The flow of non-Newtonian fluids in porous materials can be found in many industrial applications such as chemical engineering, subsurface engineering (de-contamination, energy production), and the food industry.
The relation between the shear stress and viscosity in non-Newtonian fluids is not linear and it is time-dependent, making it difficult to understand their behaviour. Non-Newtonian shear-thinning fluids tend to decrease in viscosity as the shear rate increases, while non-Newtonian shear-thickening fluids tend to increase in viscosity as the shear rate increases. The process of transporting non-Newtonian fluids through porous materials is complicated and influenced by different factors. These factors include the properties of the fluid, the porous material, and the flow conditions. The fluid flow rate is impacted by the fluid's velocity, pressure gradient, and the porous medium's tortuosity. Extensive research has shown that the properties of the fluid, the porous material, and the flow conditions all play a significant role in transporting shear-thinning fluids through porous media.

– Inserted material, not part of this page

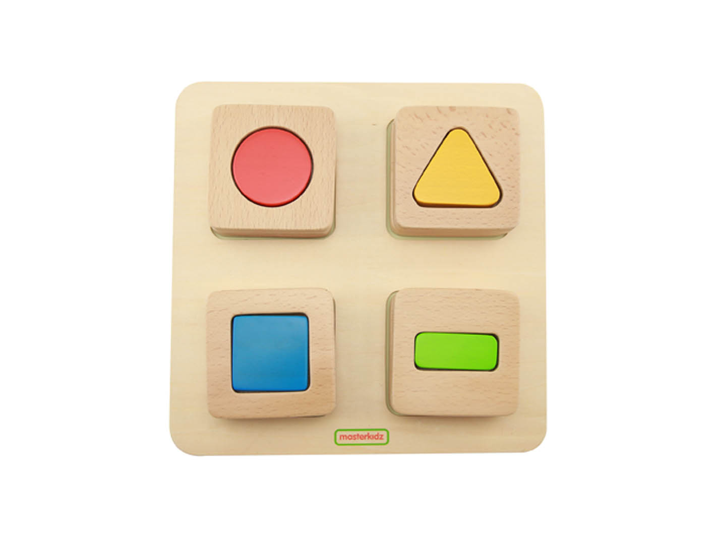 Каждая пара блоков представлена в виде одного блока с отверстием по центру в одной из 4-х геометрических форм (круг, квадрат, треугольник, прямоугольник) и второй блок со штырем по центру в соответствующей геометрической форме. Следовательно, чтобы соединить подходящую пару блоков, необходимо, чтобы отверстие одного блока подошло по форме к штырю второго блока. Каждая пара блоков вставляется в своё углубление, которое имеет такую же цветовую маркировку и разметку по соответствующей форме.

The present study uses a laboratory approach to examine the flow of a non-Newtonian shear-thinning fluid in a porous media. The fluid bulk rheology was obtained from the rheometer measurement first to confirm the viscosity-shear relation for the selected non-Newtonian fluid (xanthan gum), and the results were fitted using the Meter model equation. Then, a microfluidic experiment was done using xanthan gum solution mixed with a water-based ink colour to act as a tracer in the porous medium to track the fluid movement and breakthrough path. The experiment was done using different injection flow rates. The images were recorded during the experiment and processed after each experiment to calculate the average effluent concentration versus time and estimate the dispersion coefficient using Ogata and Banks' equation. The results showed a non-monotonic behaviour for the non-Newtonian fluid flow in porous media.